Check if a particular neural network model is applicable to current molecule.

Parameters:

model (str, default: 'aimnet2' ) –

neural network models: ANI-2x, ANI-2xt, AIMNET

Raises:

ValueError –

if model is not supported.

Returns:

bool ( bool ) –

True if applicable.

`is_similar(other, threshold)` ¶

Check if other molecule is similar within Tanimoto similarity threshold.

Parameters:

other (Mol) –

other Mol object to compare with.
threshold (float) –

Tanimoto similarity threshold.

Returns:

bool ( bool ) –

True if similar.

`make_confs(n=50, method='ETKDG', **kwargs)` ¶

Generates 3D conformers.

Parameters:

n (int, default: 50 ) –

number of conformers to generate. Defaults to 50.
method (str, default: 'ETKDG' ) –

conformer generation method.

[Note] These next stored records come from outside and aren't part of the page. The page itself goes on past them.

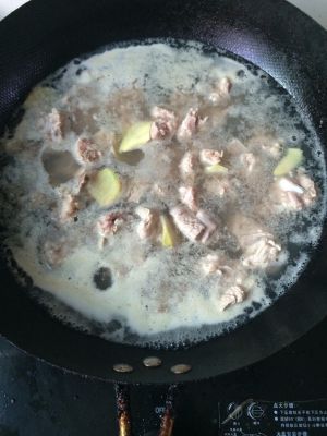 加入没过排骨的冷水,加生姜、大葱、料酒。
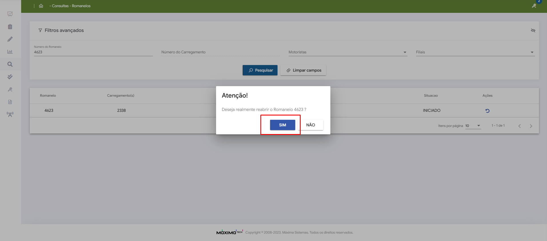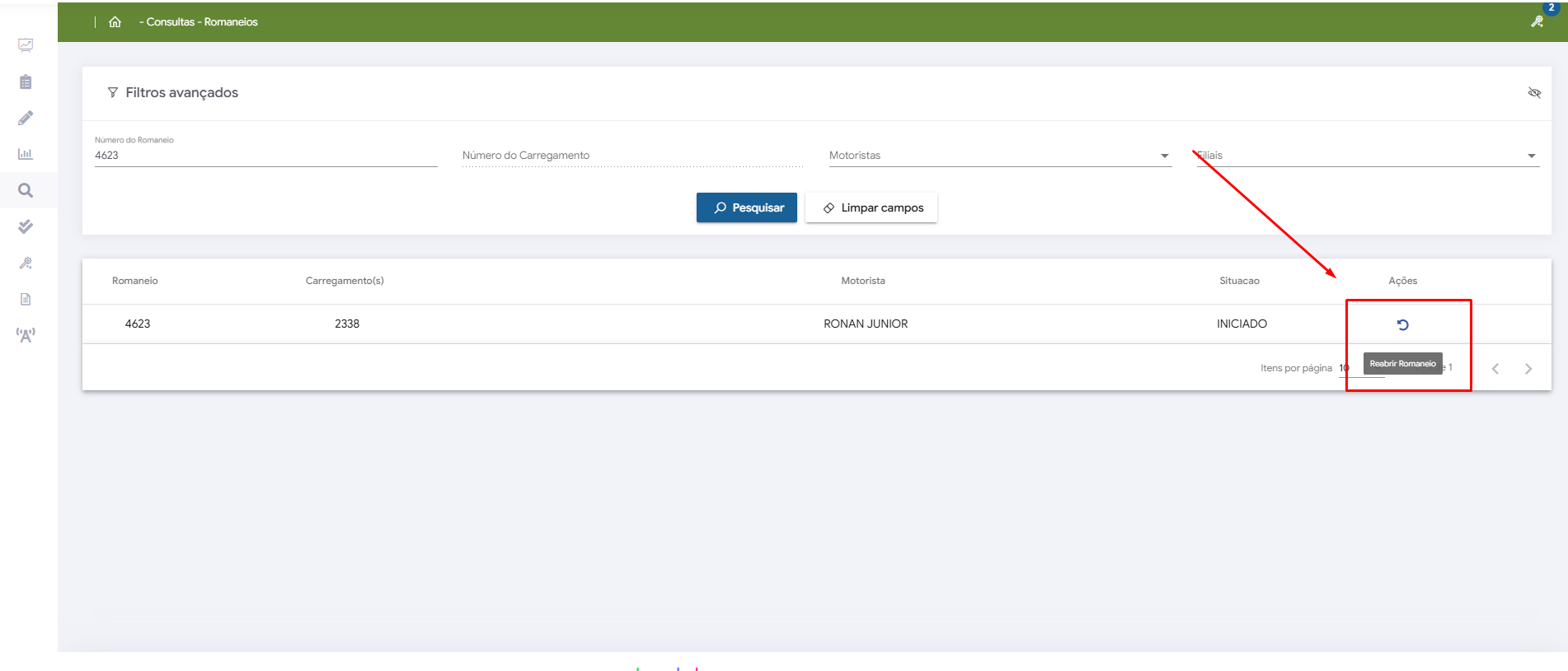 Como reabrir um romaneio ja iniciado ou finalizado
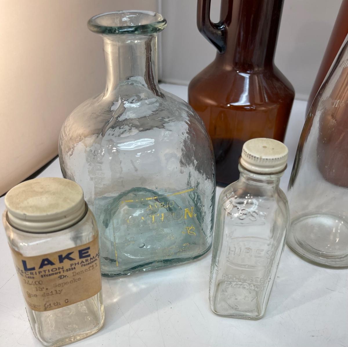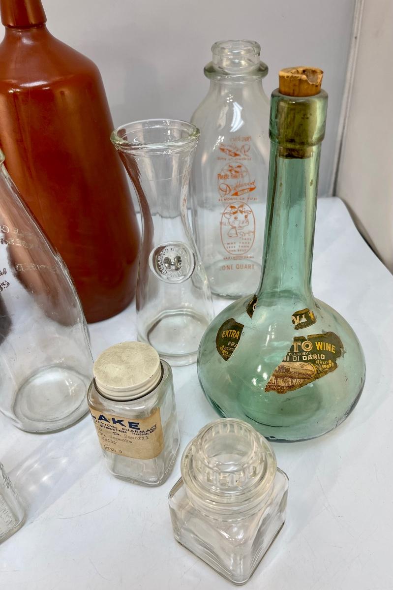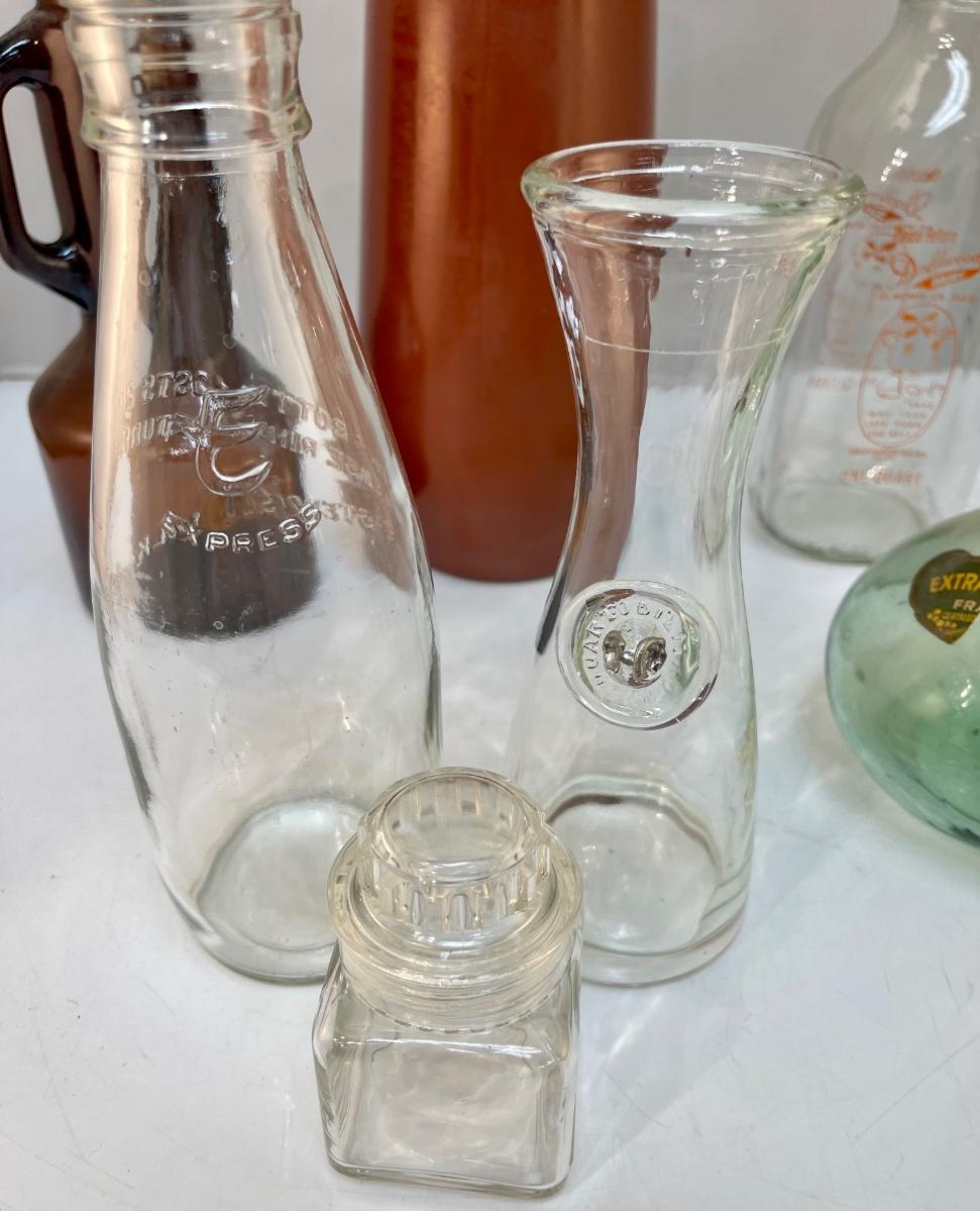 Mixed Lot of Various Size and Colored Glass Bottle Jars Decanters. Great mix of shape and size. In vintage conditions.

Choices are ETKDG, CONFORGE. Defaults to 'ETKDG'.

Returns:

Self ( Self ) –

modified self.

Reference

T. Seidel, C. Permann, O. Wieder, S. M. Kohlbacher, T. Langer, High-Quality Conformer Generation with CONFORGE: Algorithm and Performance Assessment. J. Chem. Inf. Model. 63, 5549-5570 (2023).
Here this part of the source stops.